Let us know, I'm interested in your results.
Originally posted by Kenneth E.:Nor does it from the Ipad, kind of a bummer, perhaps that can be fixed some day.
The @ feature doesnt work from my phone..... :)
Well, thanks all! That is some great feedback.
@Ned Carey As I stated before, I do know hard money lenders personally but none of them are private mortgage lenders, nor do any of them seem to know anyone who lends on private mortgages. So, it is difficult to talk to lenders when I haven’t met any of them personally. I understand that anyone I know could potentially be a lender, however, I have more than one list of private lenders/high net worth people now but I don’t know any of them personally. All I have is their name and address…no phone numbers to call them and ask them to lunch. That is the reason I am considering sending this letter.
@Don Konipol I am specifically talking about first position mortgages…though I would be interested in second position mortgage lenders too. :) That was great advice and I had debated making the letter shorter….or even longer and sending along a summarized version of my investing resume (which is short, honesty) along with the terms I am proposing and how their money would be protected (first position, reasonable ltv, insurance, automatic monthly payments deducted directly from my checking account, pre-signed deed in escrow so foreclosure proceedings could be avoided in the event of default, etc.). However, I never considered directing them to a website or online video—that is something I will need to think about.
Rob K thanks. Ill take out the serious players portion.
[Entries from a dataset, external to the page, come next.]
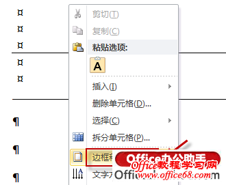 将鼠标停放在表格内,右击,选择“边框和底纹”。
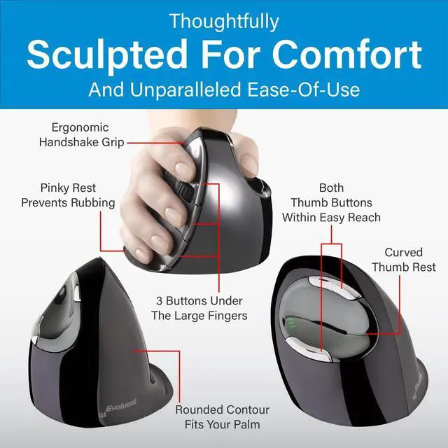 Evoluents Vertical Mouse remains a standout choice as a thoughtfully designed, precision product that offers unparalleled comfort, user-friendliness and functionality, backed by over 30 years of Vertical Mouse expertise of its designer.
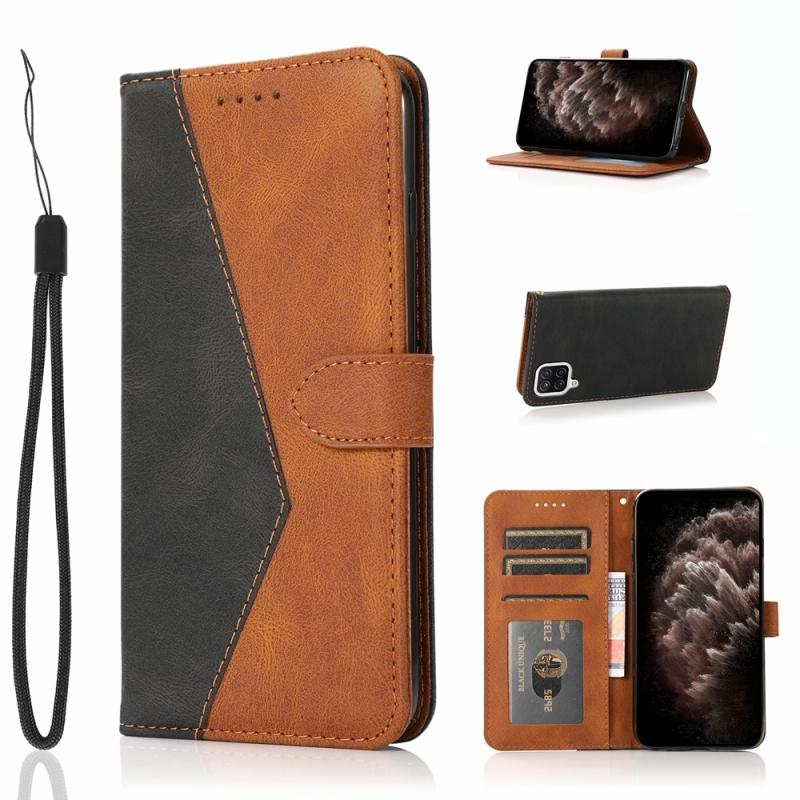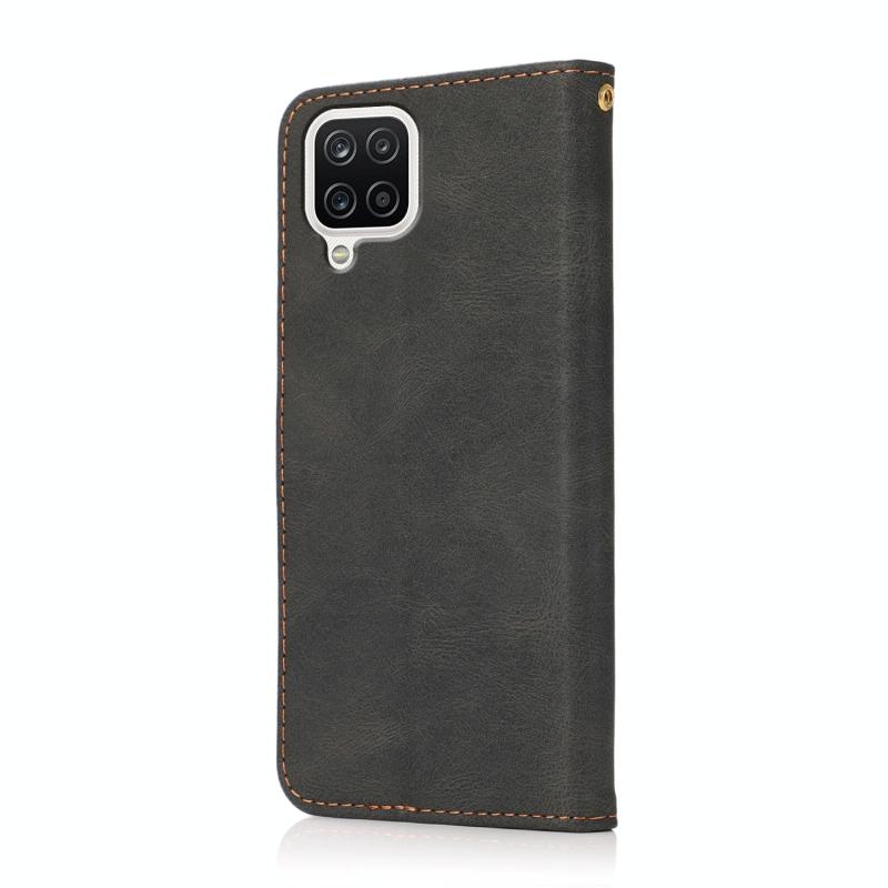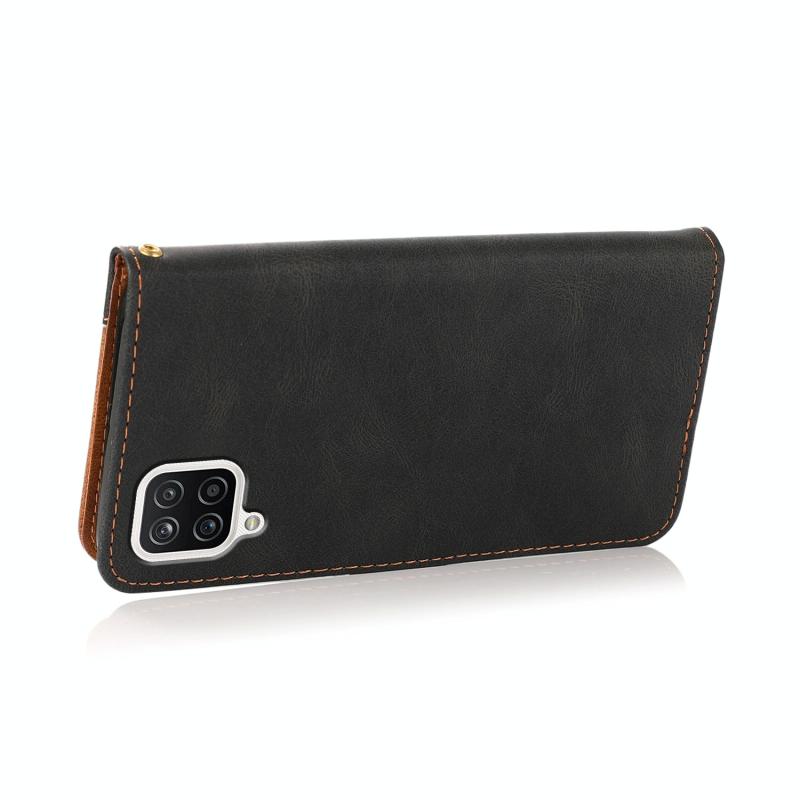 Θήκη τηλεφώνου από δέρμα με διπλή ραφή για Samsung Galaxy A12 5G/4G / M12 (Μαύρο-Ροζ Χρυσό)
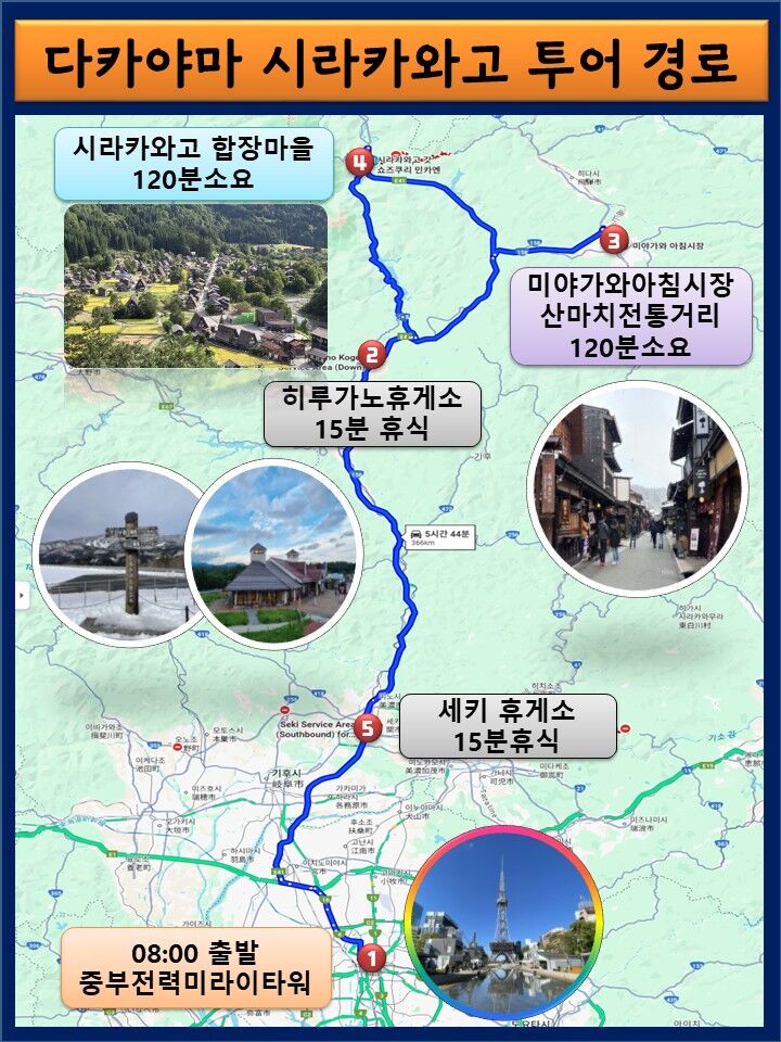 - 수요일 아닌 경우 시라카와고는 식당이 많지 않기 때문에 다카야마에서 점심을 들실것을 권유 드립니다.
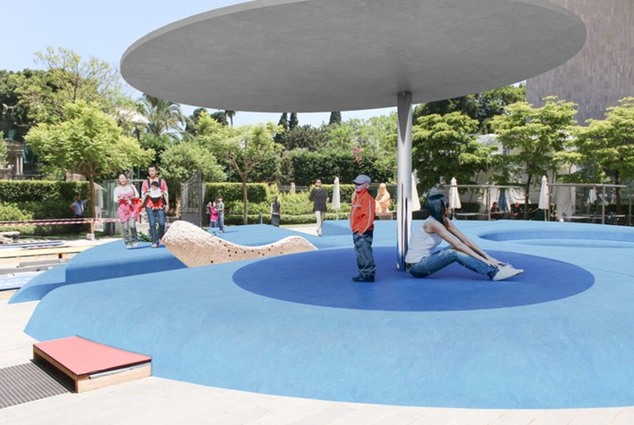 Diving Board enstasyonu, aslında bir araya getirildiğinde yükseltilmiş bir platform haline gelen yumuşak, yeniden düzenlenebilir köpük parçalardan oluşan 400 m2'lik bir müdahaledir. Enstalasyon, yoldan geçenleri şehrin hareketli sokaklarını terk etmeye ve sakin plazaya girmeye davet ederek, müzenin tarihi mimari kimliğiyle tezat oluşturan daha kapsayıcı ve etkileşimli bir yere adım atıyor.
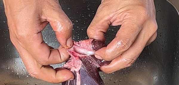 1.準備一個豬肝,找到大血管,往裡面灌水。不完整的話就放入清水中加點鹽浸泡20分鐘以上。
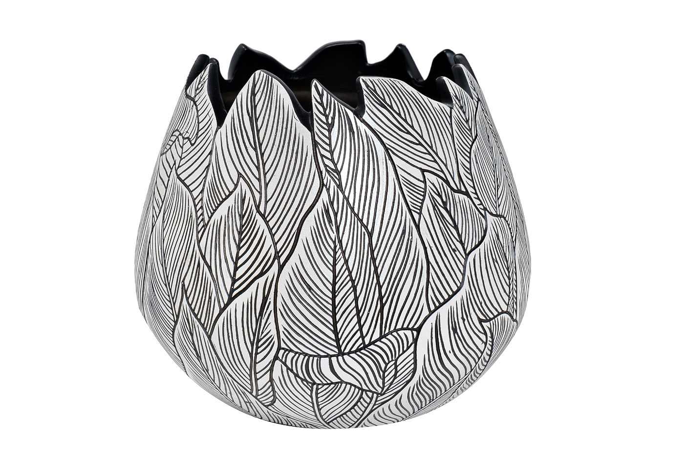 ZS2001-10 Кашпо черно-белое "Листья" d25*22см
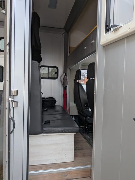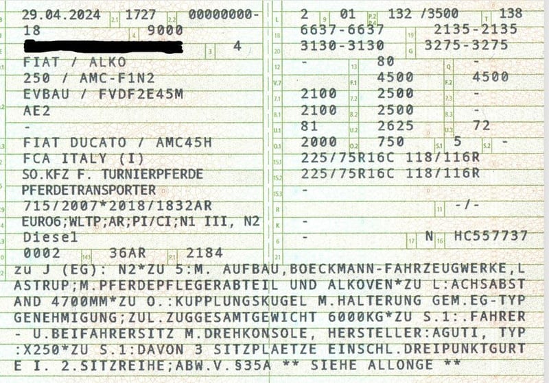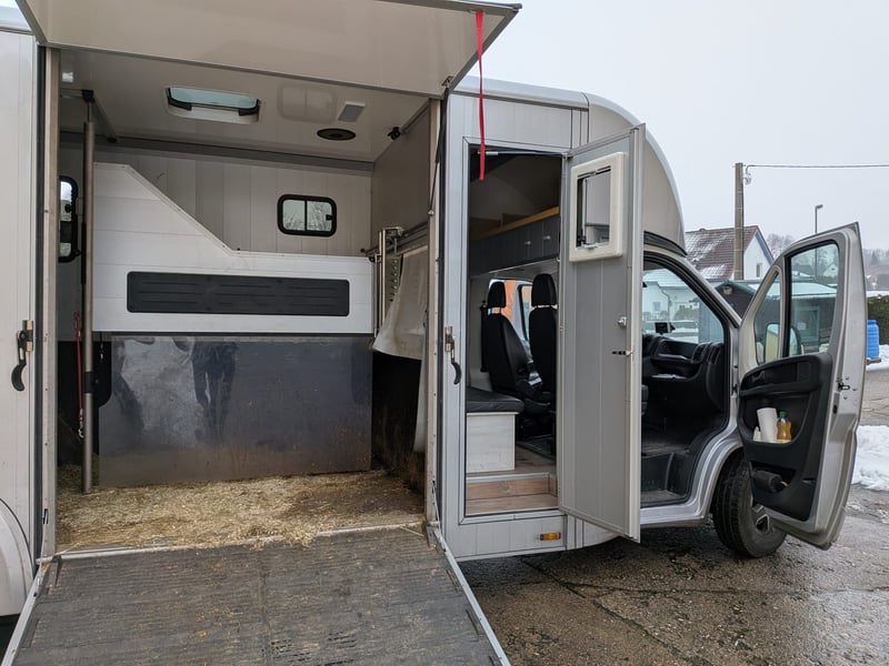 zzgl. Mehrwetsteuer (89.250,00€ brutto) EZ 04/24 11.277km TÜV bis 06/26 Wir geben unseren praktischen Pferdetransporter ab, weil wir uns vergrößert haben. Da er zur Zeit noch gelegentlich benutzt wird, ist er noch nicht gereinigt. Bei Nicht-Gebrauch stand der Transporter immer in der Halle. Die Besonderheit bei unserem Fahrzeug ist, dass er fünf eingetragene Sitzplätze hat und über dem Fahrerraum eine geräumige Schlafmöglichkeit. Der Pferderaum des Compact L Plus Stall Tour ist mit einer hohen, variablen Trennwand, einem 3-Türensystem und einem Durchgang zum Sattelraum ausgestattet. Die große Sattelkammer verfügt über zwei Sattelhalter und genügend Platz für sämtliches Equipment. Den Druchgang zur Sattelkammer haben wir verschlossen, aber die zwei Türen mit Bürstendichtung sind vorhanden und können bei Bedarf wieder eingesetzt werden. Die Hengsttrennwand ist ebenfalls vorhanden, wurde aber kaum von uns benutzt. Durch das 3-Türensystem ist eine flexible Nutzung des Pferderaumes möglich. Weiter Fahrzeugdaten können per Mail oder Telefon erfragt werden, ist nur sehr viel für die Anzeige.
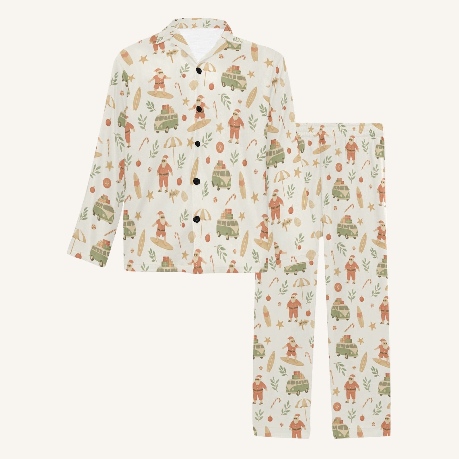 Comfortable, classic, and made for the joyful magic of Christmas morning — the Surfing Santas Men’s Button Down Pajama Set brings easygoing style and warmth to every festive moment.
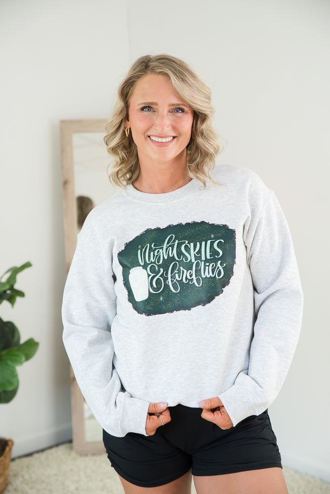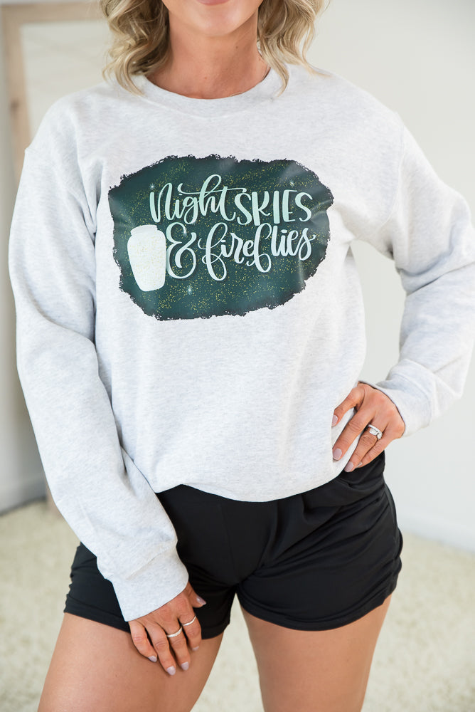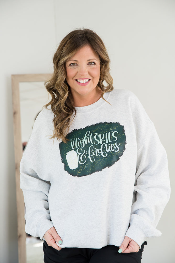 Create amazing memories out under the night sky and chasing fireflies. Wear this gray graphic sweatshirt with lounge pants or our black Harem shorts.
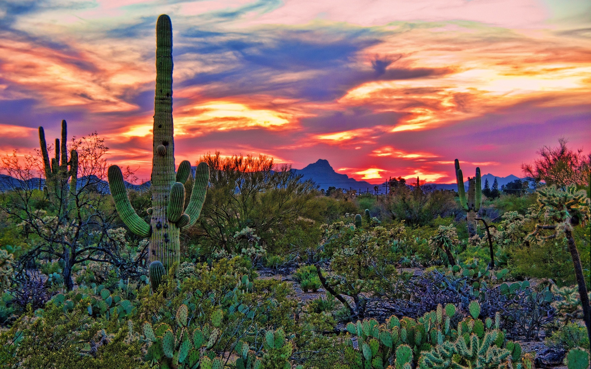 Description: A sunset in the desert with a cactus and other plants in the foreground and a mountain in the background.
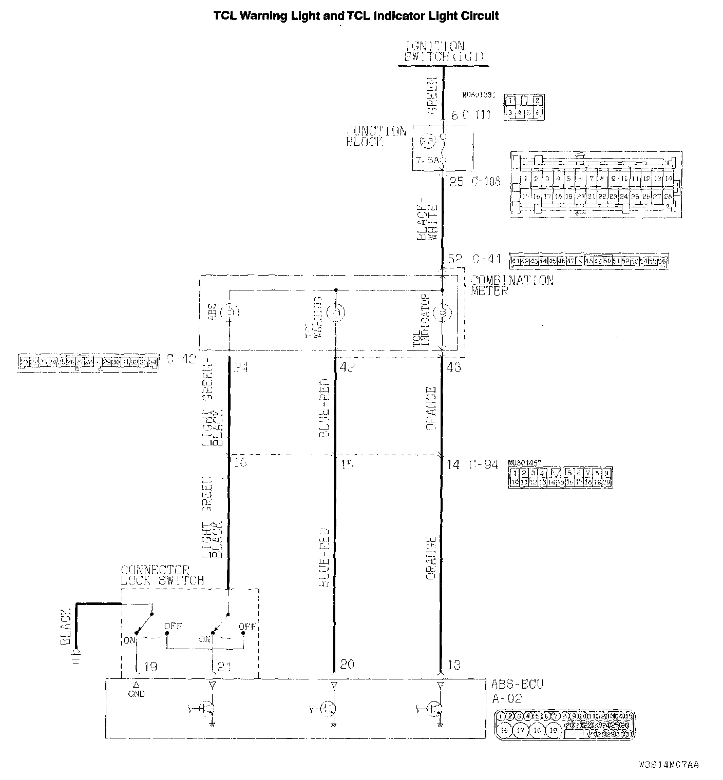 ^ Power to the TCL warning light is supplied from the ignition switch. The ABS-ECU grounds the circuit to illuminate the light.
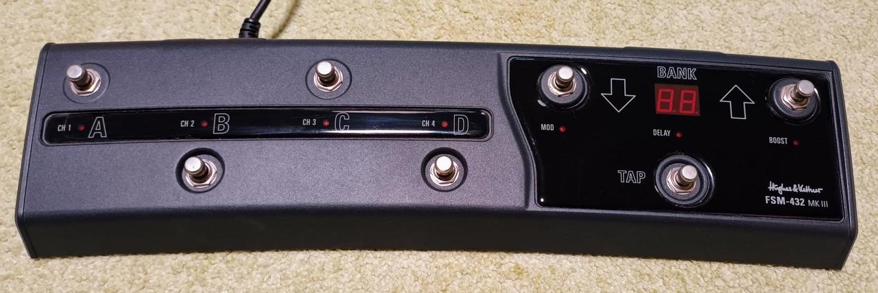 Téměř nepoužívaný z čistého, domácího, nekuřáckého prostředí. TOP stav. Stejně tak originální footswitch FSM-432 MKIII. Hraje fantasticky. 36W 4x EL84, v předzesilovači 3x 12AX7. 4 kanály: Clean, Crunch, Lead, Ultra. Součástí je Tap Delay a Modulation (Chorus, Flanger, Phaser, Tremolo) Ovladatelné přes Midi (In/Out) K aparátu je přepravní brašna.
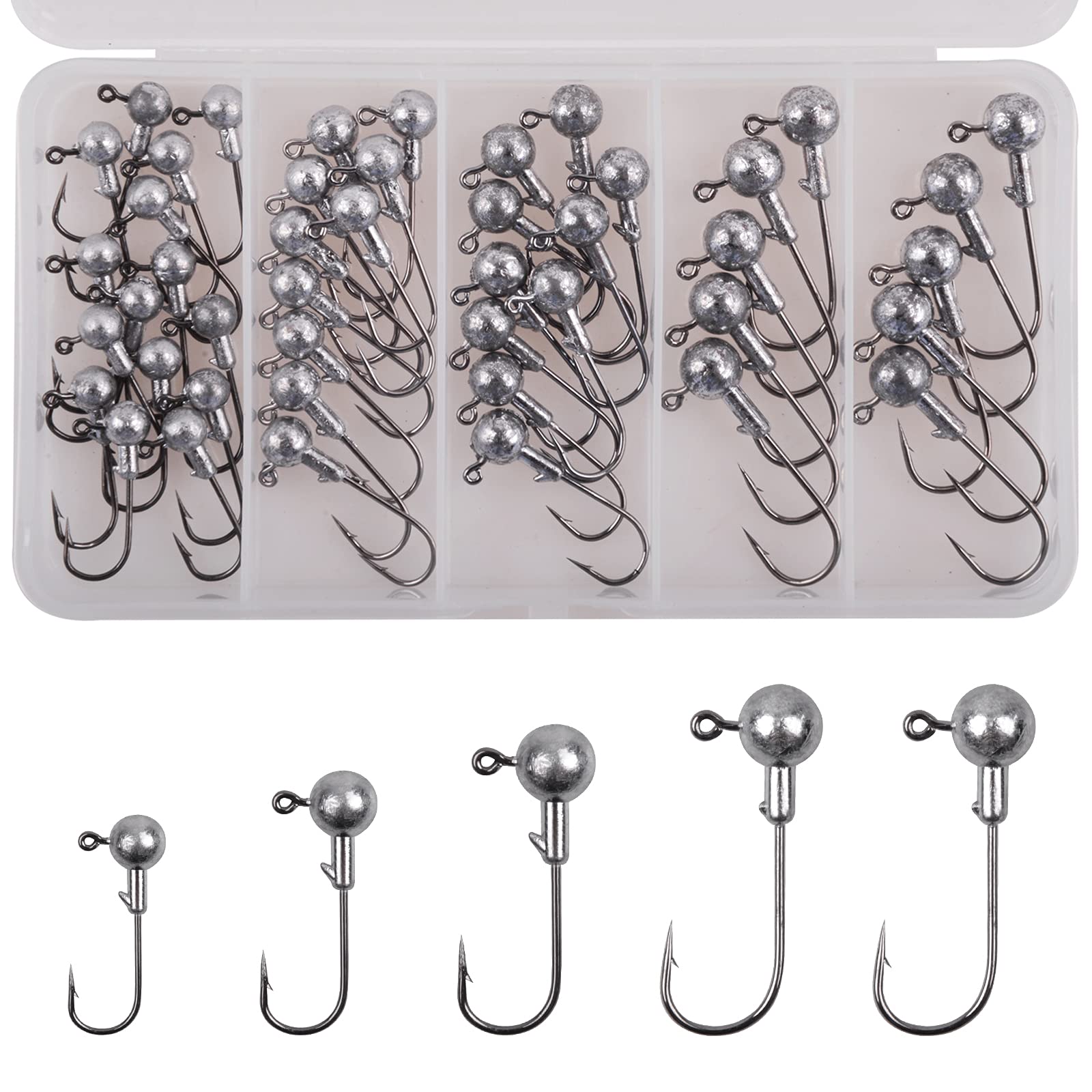 - Package Include: You will get 75pcs fishing jig heads kit. Including: 1/32oz-25pcs, 1/14oz-20pcs, 1/8oz-15pcs, 3/16oz-8pcs, 1/4oz-7pcs. They are enough for you to use and replace.(Random colors)
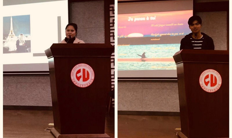 12月8日晚,外国语leyu·乐鱼(中国)体育官方网站第一届原创法语情诗大赛在leyu·乐鱼(中国)体育官方网站学术报告厅举行,20位来自各leyu·乐鱼(中国)体育官方网站的本科生和研究生倾情朗读自己的法语原创诗歌,为大家献上了一个充满感动的夜晚。法语系教师林海平、罗麾担任评委。
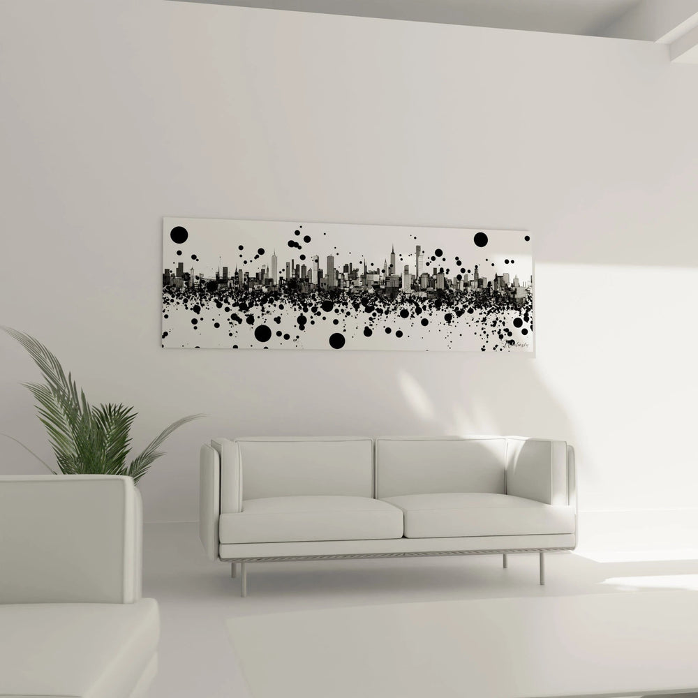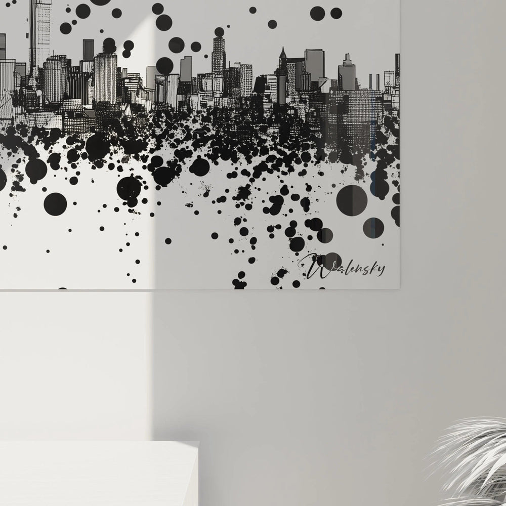 Ce tableau skyline urbain captive immédiatement par son contraste saisissant entre architecture urbaine et explosion artistique. La silhouette parfaitement définie d'une métropole moderne se déploie sur toute la largeur de l'œuvre, créant un horizon reconnaissable et évocateur. Les gratte-ciels s'élèvent avec précision, formant une ligne directrice claire qui guide le regard. Cette décoration murale urbaine contemporaine transforme un paysage citadin classique en une expérience visuelle dynamique. L'effet tableau skyline noir et blanc éclaboussé génère une tension visuelle captivante, où l'ordre architectural rencontre le chaos créatif des projections d'encre.

@Glenn Espinosa Thanks for the quote; I may just insert something like that, however, my experience is minimal and may not be ideal since it would be more likely to show how inexperienced I am. Ill have to give that some consideration.
@Will Barnard Thanks again for the point about comparing the rates against CDs…since many of the people on the list are already lenders and aready are aware.
Thanks all. This has been a productive and helpful thread.
Originally posted by Kenneth E.:
All I have is their name and address…no phone numbers to call them and ask them to lunch. That is the reason I am considering sending this letter.
Well you can look up the numbers. The ability to find people and their phone numbers is a valuable skill in this business. I do mailers to find sellers but I find I have much more success when I track down an owner's phone number and call them.
Good Luck - Ned
@Ned Carey Great point. Maybe you could start another post on the tactics you use to locate those phone numbers. You know--for us new foks.... ;-)
I do know there are a few online sites that do people searches. With a membership fee, you can type in a name and location and get additional info like Phone Numbers. I'm sure Ned has some other ideas as well.
Why are you needing a private mortgage over a conventional product?
Any investor would like to know the risk involved with lending you money. My first question reading your letter is, what is keeping you from getting a long term conventional mortgage?